由羅はもう仕事に関しては口出しはしないと約束したので、最初は渋い顔をしていたが何も言わずにオレのしたいようにさせてくれている。
それはお互いさまで、由羅もまだ完治していないので一応仕事は休んで家にいるものの、ずっとリモートで仕事をしているので、全然安静には出来ていない。
でも、立場的に完全に休むわけにもいかないのはオレにもわかっている。
仕方がないので、オレもそれに関しては口を出さない。
その代わり、食事と睡眠だけは口うるさく言う。
「由羅~、入っていいか?」
「ああ、大丈夫だ」
「ちゃんと牛乳飲んだか?」
リモート会議が終わって一段落した様子だったので、部屋に入る。
仕事中にオレや莉玖の声や姿が入るといけないので、由羅は昼間はずっと地下にある書斎で仕事をしている。
「ん?あぁ、飲んだ」
「どれどれ?……全然減ってない!!」
「え?いや、さっき一口飲んだぞ」
「二時間前と変わってねぇよ!せめて半分くらいは飲めよ!」
「……後で飲んでおく」
「ダメ!今!」
「ぅ……わかった」
由羅が渋々牛乳を飲んだ。
由羅はコーヒーが好きなのだが、刺激が強いとかで完治するまでは控えるように言われているらしい。
オレも一応家政夫として食事管理をするならちゃんと知っておかないと!と思って胃潰瘍の時の食事について調べてみたところ、牛乳は飲んでもいいと書いてあったので、由羅にはコーヒーの代わりに牛乳を出している……のだが……由羅は牛乳があまり好きではないらしく、コップ一杯を飲むのに時間がかかる。

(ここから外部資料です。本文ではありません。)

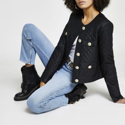 River Island Real Leather Jacket In Black. To give you the best experience on asos, and to make sure the asos ads you see on other sites are relevant. Blue pearl embellished denim jacket. Black faux leather hooded zip up jacket.

アレルギーやお腹を壊しやすいというわけではなく、ただ苦手なのだとか。
放っておくと飲まないので、こうやって時々様子を見に来てオレが飲ませているのだ。
「飲んだぞ?」
「よしよし、よく頑張りました!」
何とか飲み干した由羅が顔をしかめつつオレに空っぽのコップを渡して来たので、軽く頭を撫でる。
「あっ!ごめん、髪がぐしゃった」
いつもの癖で撫でたものの、まだ仕事中だと言うことを思い出して慌てて由羅の髪を撫でつけた。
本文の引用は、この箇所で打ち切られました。